И вот теперь тётя Клара вернулась. Наверное около месяца она пробегала по всяким инстанциям, а потом как-то за обедом решительно сказала: “Завтра иду в зоопарк. Попытаюсь вернуть Карлушу”. Карл был большим красивым попугаем, которого тётя Клара привезла с войны. Появился он у неё году в сорок четвёртом. Тётя Клара забрала полумёртвого попугая у солдат госпитального взвода, которые нашли его голодного в оставленном немцами блиндаже. Солдаты кормили заморскую птицу заокеанской тушёнкой, от которой непривычный к свинине попугай начал болеть. Может быть, в нём текла еврейская кровь? Во всяком случае, нос у него был явно семитский. Хорошо, что догадались снести его к госпитальному терапевту – нашей Кларе.
Я впервые увидел Карла щеголеватым красавцем в ярко-зелёном фраке. Он сидел в огромной латунной клетке и тщательно чистил свои блестящие пёрышки.
Как-то на майские праздники у тёти собралось несколько коллег. Один из подвыпивших гостей просунул в клетку ложку с водкой. Карл, которого прежний хозяин-офицер, вероятно, приучал к спиртному, быстро и как-то боком подошёл к ложке и начал пить. Гости были довольны и, конечно, захотели повторить угощение, но тётя категорически запретила. И вдруг всегда молчавший попугай закричал: “Хайль Гитлер! Хайль Гитлер! Зиг хайль!” Бедная тётя Клара! Она вынесла клетку в чулан, но и оттуда на всю квартиру разносился хриплый крик пьяного попугая: “Зиг хайль!”
А через пару дней за тётей пришли. На допросе следователь обвинил её … в сионистской пропаганде. Наверное, время было такое – шла борьба с космополитизмом. Единственно, в чём тёте Кларе удалось убедить следователя, так это в том, что попугай без корма и воды сдохнет, и поэтому ценную птицу надо сдать в зоопарк.
И вот теперь тётя собралась забирать Карла. Не знаю, что она говорила, какие доводы приводила, но вскоре к нашему дому подъехала “Победа”, и сам директор зоопарка занёс в комнату ту самую латунную клетку, в которой сидел виновник тётиных бед – красавец Карл.
Много лет прошло с той поры. Давно нет на свете моих родителей. Мы с женой и детьми живём в Германии.
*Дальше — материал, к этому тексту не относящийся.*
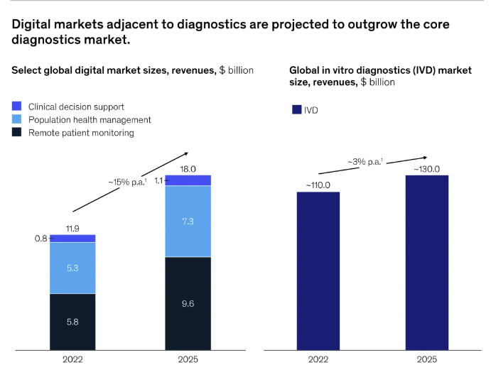 诊断的当前趋势 如今,诊断领域正从传统的后台付费服务角色向医疗保健服务生态系统中的关键利益相关者角色转变。有三个主要转变为数字和分析在体外诊断(IVD)行业的转型中创造了机会: 改进诊断测试本身:卫生系统期望在诊断方面实现两项主要改进。其一,为基于结果的医疗保健提供真正的测量指标,即超越简单的结果,将其与关键结果相联系。其二,将测量结果转化为见解提供给临床医生,结合当地环境、趋势和患者特定数据点,帮助医生做出更准确的护理决策。 转变护理服务:诊断作为临床决策的核心,是未来护理服务的关键组成部分。未来护理服务包含三个主要要素:一是新的护理模式,如家庭和虚拟护理,诊断需定义新工作流程和测试以实现远程护理且不牺牲质量;二是更加注重预防,需要新的 IVD 测试以更准确、经济地筛查患者;三是个性化医疗,IVD 参与者需筛选新诊断面板,让医生为患者选择正确疗法。 扩大医疗保健领域的诊断范围:诊断测试在疾病识别之外的广泛应用将对 IVD 参与者和社会产生重大影响。例如,可作为未来大流行病和卫生紧急情况的主要防线,还能提高药物开发的效率和有效性。 数字诊断将数据和分析与传统 IVD 测试相结合,产生新的临床见解和更高效的工作流程。麦肯锡的研究显示,与诊断相邻的部分数字市场,如临床决策支持、远程患者监测和人口健康管理,预计在未来几年将超越核心诊断市场。虽然其他参与者如健康科技和数据公司也关注这一领域,但 IVD 公司因其数据生成设备已融入关键临床工作流程,有权发挥作用并成为医疗保健服务生态系统中的关键利益相关者。 数字诊断中的适用范围 任何新的诊断测试或解决方案,无论是否数字化,都必须满足三个标准才能成功。 首先,新的数字诊断解决方案必须提供卫生系统领导者易于理解的价值,例如明显改善患者的治疗效果。虽然更好的敏感性和特异性有一定好处,但由于患者治疗过程中的效率低下和生物标志物的自然波动等因素,这些指标的增量改进通常难以转化为更好的结果。相反,确保正确使用诊断测试并促进其解释,同时应用患者和人群特定背景,能带来更大的结果改善。因此,探索数字诊断的第一步是确定 IVD 制造商可以在哪些方面提供差异化的临床价值,包括开发使用本地数据的筛查测试、提供长期健康跟踪和个性化治疗建议以及开发伴随诊断算法等。 其次,通常需要将整个患者旅程中的多个用例组合在一起才能提供价值。以胆固醇检测为例,数字诊断可利用风险评估长期整体健康状况,为患者提供量身定制的建议并跟踪结果,提供更好的护理。这需要多个使用案例的组合,如根据患者和人群调整的洞察、长期健康跟踪和个性化治疗建议以及家庭诊断和监测。诊断参与者需思考如何整合正确的用例并更广泛地参与健康之旅,可通过有机发展或合作伙伴关系及并购实现。 轻松集成到临床工作流程中 新的测试和解决方案若能无缝集成到现有工作流程中,或引入更简单、高效的工作流程,将更具优势。由于当前医疗保健环境面临工人短缺和倦怠问题,卫生系统不会对增加工作负担的新诊断系统感兴趣。 例如,一种筛查常见病症的家庭测试,要被采用需具备完整工作流程,包括将数据连接到电子病历、建立远程医疗连接并生成医生易理解的见解或报告。IVD 参与者可能无法拥有所有工作流程组件,需仔细评估参与的地点和方式,以确保工作流程顺利和最大程度的采用。 为卫生系统提供成本效益 考虑到卫生系统面临的通胀压力,成本在短期内应是重中之重。IVD 参与者需将硬性成本效益指标传达给医疗保健从业者、实验室和其他客户。 如何在数字健康生态系统中发挥作用 IVD 参与者不仅可以选择在患者旅程中增加价值的阶段,还可以选择如何在这些领域最好地提供数字诊断。 数据采集:许多 IVD 参与者已在收集数据,扩大 IVD 设备之间的连接以实现集中、标准化的数据收集,可提供更强大的数据集用于分析、了解趋势和管理人群,对实验室参与者尤其有价值。 数据集成:IVD 参与者可能缺少关键用例所需的所有数据,可考虑通过获取数据或充当中间件来组合数据源,为 IVD 制造商或客户解锁新用例。随着更多患者旅程的互联,数据集成的价值也在增加,其中诊断数据是关键组成部分之一。 数据产品:数据依赖型产品是诊断参与者较有经验的领域,如下一代测序、伴随诊断和液体活检。IVD 参与者还可创建面向客户的产品,改善临床决策、提供更好用户体验并简化操作,在分子诊断和蛋白质组学领域可能同样有价值。 数据服务:IVD 参与者在医疗技术参与者中可能处于有利地位,提供与设备实时数据配对的服务,可为临床管理、测试成本管理或预测维修提供巨大价值。 如何开始使用数字诊断 数字诊断具有挑战性,要求 IVD 参与者构建新能力、应对复杂的数据监管环境并阐明与客户产生共鸣的价值主张。以下五项举措为追求数字化诊断的成功战略奠定基础: 定义清晰数字战略:明确将数字解决方案与临床护理的有意义改进联系起来,从结果和成本角度出发,而非单纯考虑 “货币化”。 以客户为中心:让客户需求指导产品开发,涵盖应用程序、功能和基础设施,通过密切合作进行迭代,确保早期采用。 寻找合作伙伴:尽早找到合适伙伴进行大规模投资,弥补在云托管、网络安全
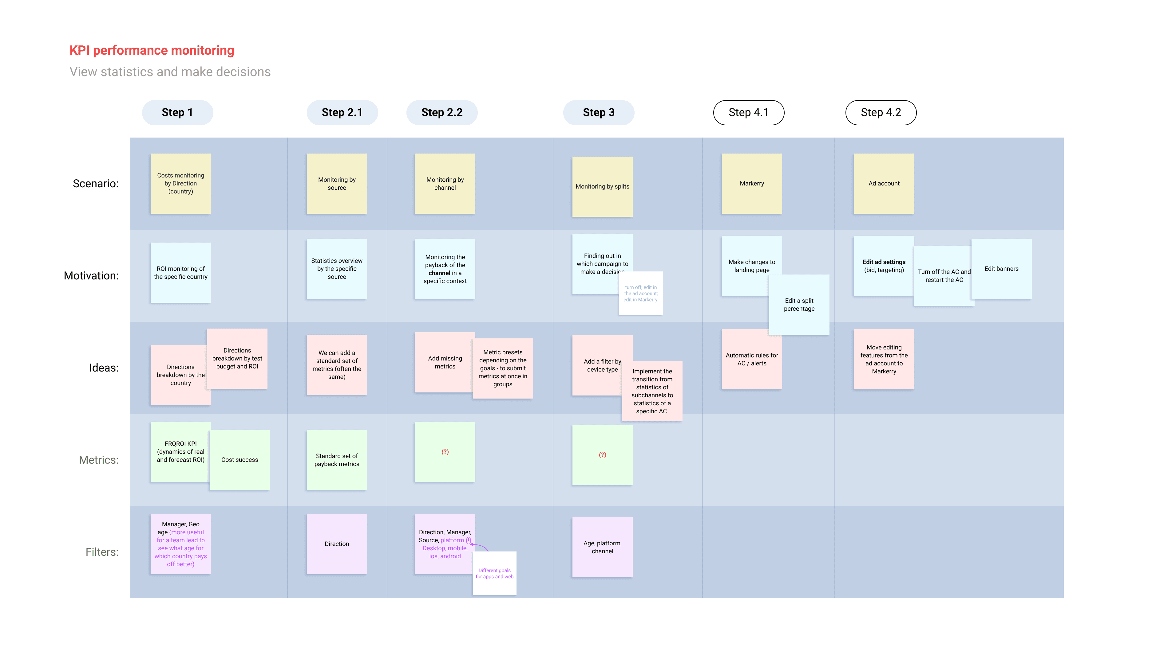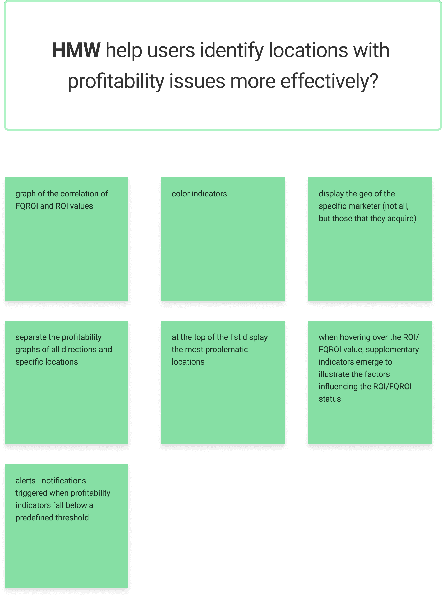 Creating a picture of metrics hierarchy and their effect on reality helped to gain an understanding of the issues to be solved. Later, they were stated as a How-Might-We questions.
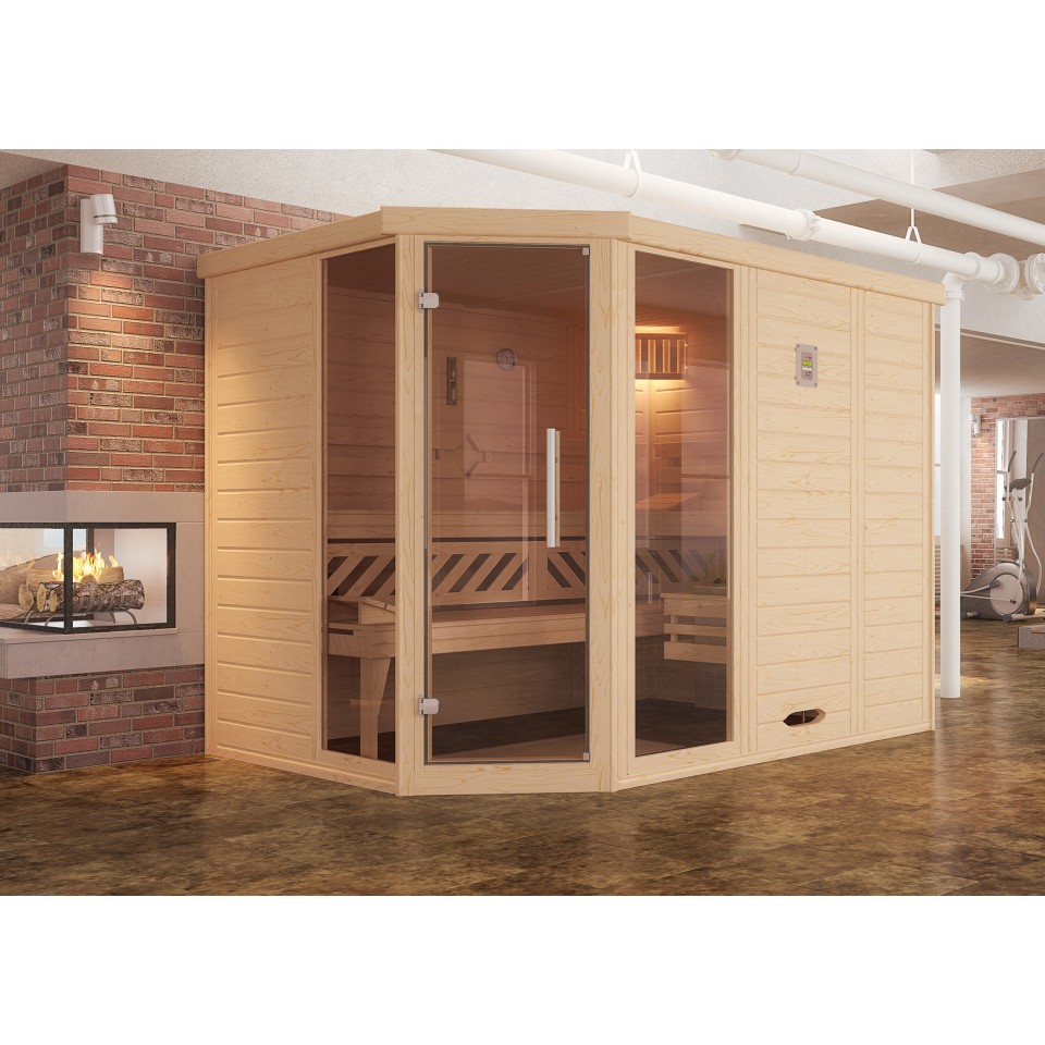 Weka Premium Massivholz-Elementsauna Kemi Eck 2 mit Glastür und 2 Fenster . Die 45 mm Premium Saunen sind aus
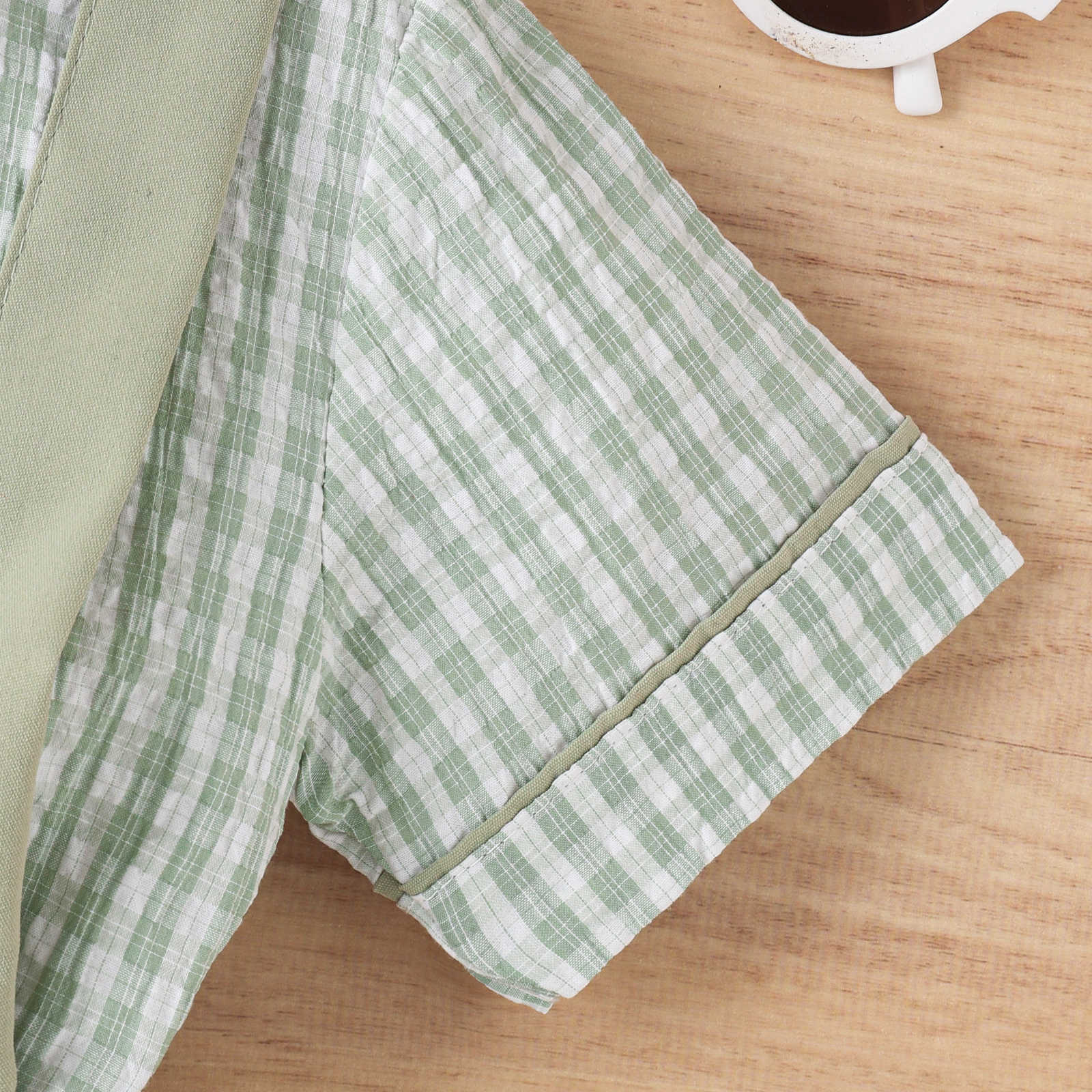 😎Caracteristici: țesătură de înaltă calitate, crep, design elegant, carouri, panglică, buzunare, elastice, curele de umăr reglabile
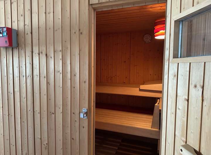 DG (ca 115 m2): Großes Studio, 2 Schlafzimmer, Sauna, Badezimmer m. Dusche, WC u. Waschbecken, gr. Lagerraum, Flur
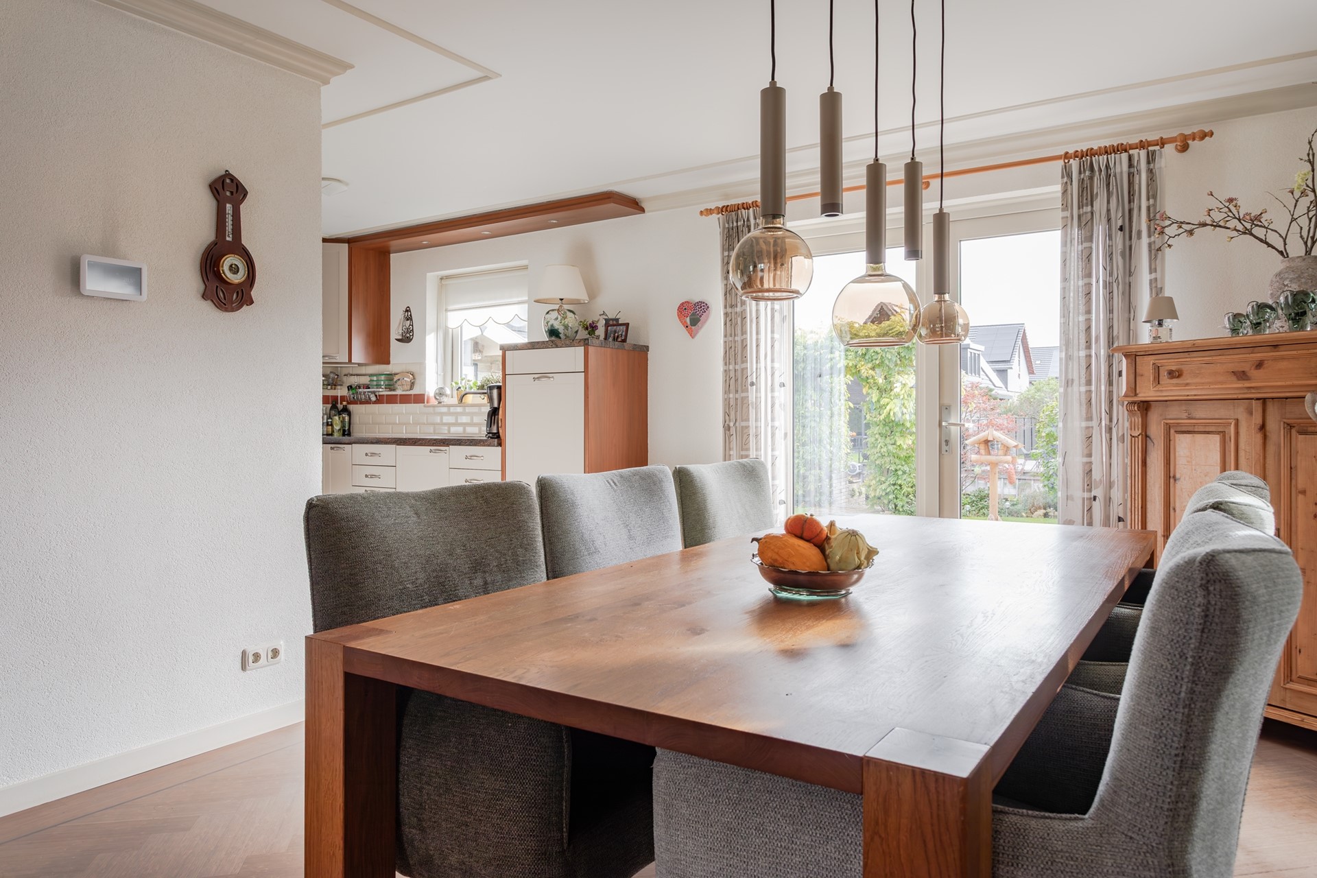 Bij de eethoek waar een grote tafel geplaatst kan worden geven openslaande deuren toegang tot de tuin.
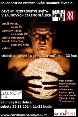 Saunový Ráj v Holicích připravil den plný saunových ceremoniálů. Ve své nové ceremoniálové sauně, která je vybavená hudbou i efektovými světly čeká na návštěvníky desítka saunových show, ceremoniálů, které mají blízko ke krátkým divadelním představením. Moderní saunové ceremoniály znamenají aktuální trend a dokonce se v nich pořádá i mistrovství světa. V Holicích představí mistrovské ceremoniály právě saunoví animátoři, kteří reprezentovali ČR na mistrovstvi světa v Bad Hofgastein v Rakousku. Sobota v Saunovém ráji přinese všem návštěvníkům dostatek zábavy i příjemné relaxace. Show se uskuteční v rámci cyklu SaunaFest na cestách 22. listopadu 2014.
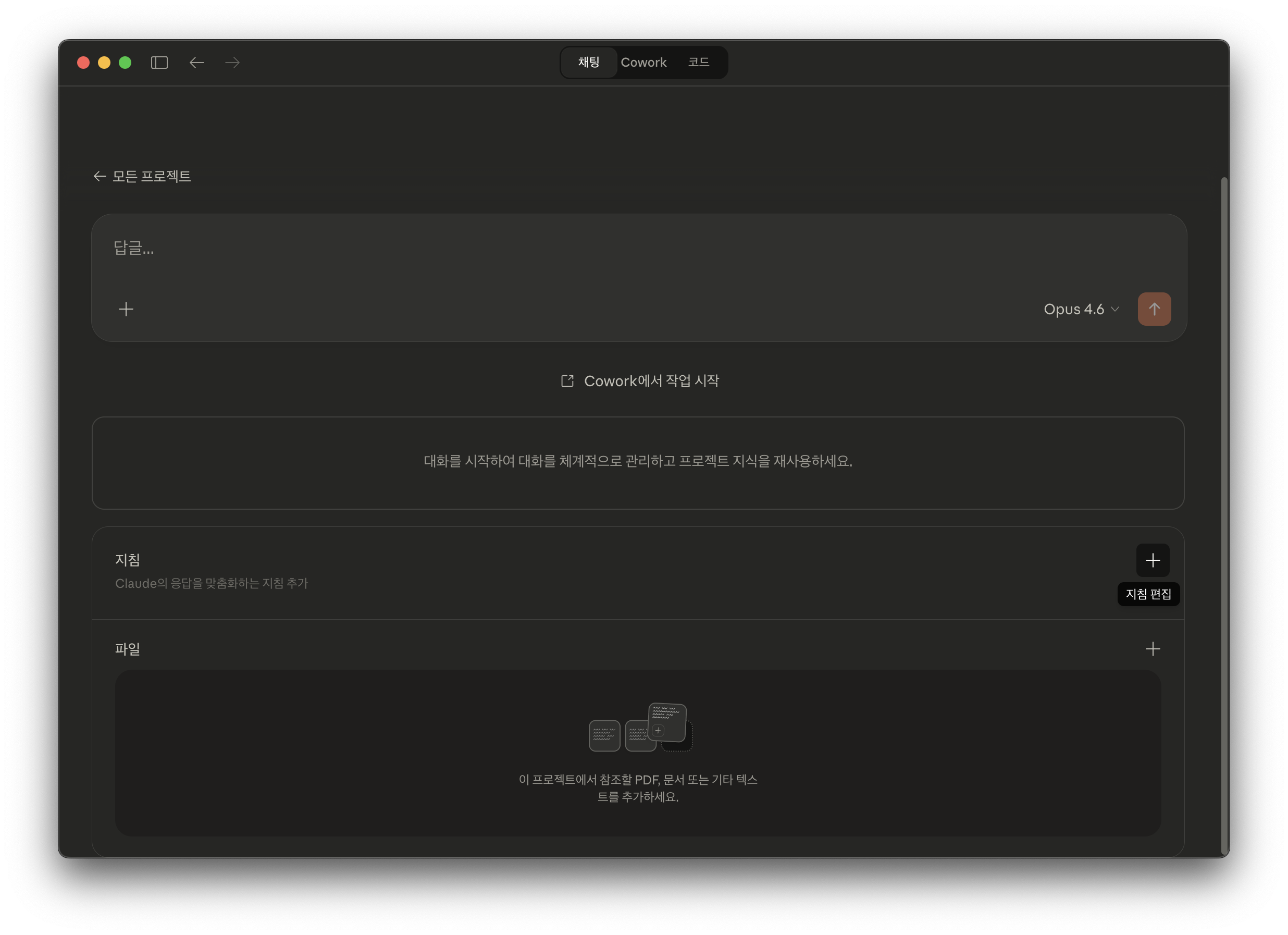 프로젝트가 만들어지면 두 가지 핵심 설정 영역이 나타납니다. 하나는 지침(커스텀 지시문)이고 다른 하나는 파일(프로젝트 지식)입니다.

Конечно же, с нами приехала старенькая тётя со своим любимцем. Получили они квартиру в сеньёренхаузе. Фрак Карла со временем потускнел, но он по-прежнему бодр. Тётя Клара шутит, что Карл возвратился на родину как поздний переселенец и её с собой прихватил.
Жизнью в Германии тётя Клара довольна, она активист местной еврейской общины. Недавно прочитала лекцию по истории сионизма. Так что прав был следователь КГБ.
ЙОСЯ
В чем я перед тобой провинился, Йося? Почему из множества лиц, живущих в моей памяти, так часто всплывает твое лицо? Может быть, я виноват перед тобой в том, что родился здоровым, создал семью, жил нормально, то есть как все?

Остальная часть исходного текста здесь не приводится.